Re:Re:Re: backup server core when redo btree_xlog_insert that type is XLOG_BTREE_INSERT_POST

From:	yuansong <yyuansong(at)126(dot)com>
To:	"Peter Geoghegan" <pg(at)bowt(dot)ie>, "pgsql-hackers(at)lists(dot)postgresql(dot)org" <pgsql-hackers(at)lists(dot)postgresql(dot)org>, pgsql-bugs(at)lists(dot)postgresql(dot)org
Subject:	Re:Re:Re: backup server core when redo btree_xlog_insert that type is XLOG_BTREE_INSERT_POST
Date:	2024-11-27 10:53:20
Message-ID:	64d41b6e.9246.1936d410e18.Coremail.yyuansong@126.com
Views:	Raw Message \| Whole Thread \| Download mbox \| Resend email
Thread:
Lists:	pgsql-bugs pgsql-hackers

we find crash reson

We have identified the cause of the crash: it was due to the XLOG_BTREE_INSERT_POST XLOG having an OffsetNumber offnum that was one less than what was stored in the index. I experimented with adding +1, and the index data remained normal in both cases. This issue is likely caused by concurrent operations on the B-tree, and upon reviewing the corresponding WAL logs, we found SPLIT_L and INSERT_LEAF operations on the same block before the crash. This might be a bug. I'm not sure if there's a related fix.

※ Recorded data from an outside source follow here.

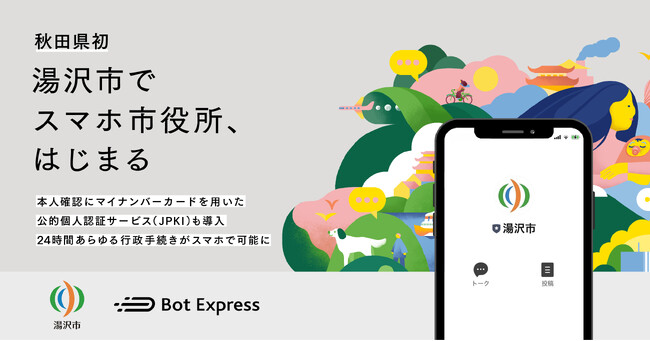 ほとんどの住民が、今、すぐに利用できるスマホ市役所「GovTech Express」を提供する株式会社Bot Express(本社:東京都港区、代表取締役:中嶋 一樹、以下 Bot Express)は、秋田県湯沢市(市長:佐藤 一夫)がGovTech Expressを活用し、湯沢市LINE公式アカウントから行政手続きが可能となる「スマホ市役所」を6月30日に開設することをお知らせいたします。
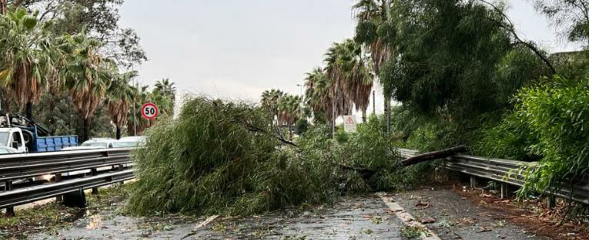 A Nicolosi un grosso albero è caduto sopra un mezzo della Misericordia. L’automobile era parcheggiata nei pressi della piazza principale, lungo via Etnea. A Tremestieri Etneo, all’interno del parco Maria Grazia Cutuli, dal tetto della biblioteca comunale di via Magna Grecia, nella zona di Tivoli si è staccata una copertura in plastica. Sul posto l’assessore alla protezione civile e una volante della polizia municipale. A Gravina, in via Vecchia San Giovanni – una traversa di via Etnea – un albero è caduto impedendo la circolazione. La via è stata chiusa al traffico e sul posto c’è una volante della polizia locale. «Stanno già provvedendo a tagliarlo e a rimuoverlo», assicurano gli agenti a MeridioNews. Problemi anche sulla statale 385, all’altezza di Lentini, dove l’Anas ha chiuso al transito l’arteria in attesa di rimuovere un albero dalla carreggiata.
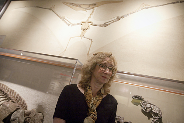Wildlife author Sy Mongtomery, author of “Birdology,” has a Pteranodon as backdrop before her lecture at the Harvard Museum of Natural History.
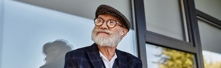 Portrait of handsome mature man, outdoors; panoramic banner
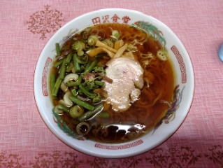 山菜中華そばをいただきました。アキモト製麺の縮れ麺に醤油の濃いスープは煮干しと鶏ガラのスープ。ワラビ、竹の子などの山菜がたっぷり入って美味しいです。
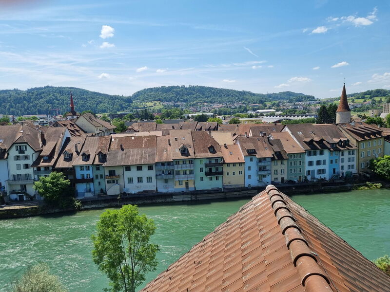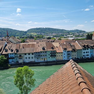 Arbeitsplatz mit Aussicht auf die Stadt Mellingen

At 2024-11-21 23:58:03, "Peter Geoghegan" <pg(at)bowt(dot)ie> wrote:
>On Thu, Nov 21, 2024 at 10:03 AM yuansong <yyuansong(at)126(dot)com> wrote:
>> Should nhtids be less than or equal to IndexTupleSize(oposting)?
>> Why is nhtids larger than IndexTupleSize(oposting) ? I think there should be an error in the master host writing the wal log.
>> Does anyone know when this will happen?
>
>It'll happen whenever there is a certain kind of data corruption.
>
>There were complaints about issues like this in the past. But those
>complaints seem to have gone away when more hardening was added to the
>code that runs during original execution (not the REDO routine code,
>which can only do what it is told to do by the WAL record).
>
>You're using PostgreSQL 13.2, which is a very old point release that
>lacks this hardening -- the current 13 point release is 13.18, so
>you're missing a lot. Had you been on a later point release you'd very
>probably have still had the issue with corruption (which could be from
>bad hardware), but you likely would have avoided the problem with the
>REDO routine crashing like this.
>
>--
>Peter Geoghegan

Attachment	Content-Type	Size
微信图片_20241127183704.jpg	image/jpeg	2.0 MB

In response to

Re: backup server core when redo btree_xlog_insert that type is XLOG_BTREE_INSERT_POST at 2024-11-21 15:58:03 from Peter Geoghegan

Browse pgsql-bugs by date

	From	Date	Subject
Next Message	Andrew Dunstan	2024-11-27 12:52:16	Re: pg_rewind fails on Windows where tablespaces are used
Previous Message	Thomas Munro	2024-11-27 09:27:21	Re: Build failure with GCC 15 (defaults to -std=gnu23)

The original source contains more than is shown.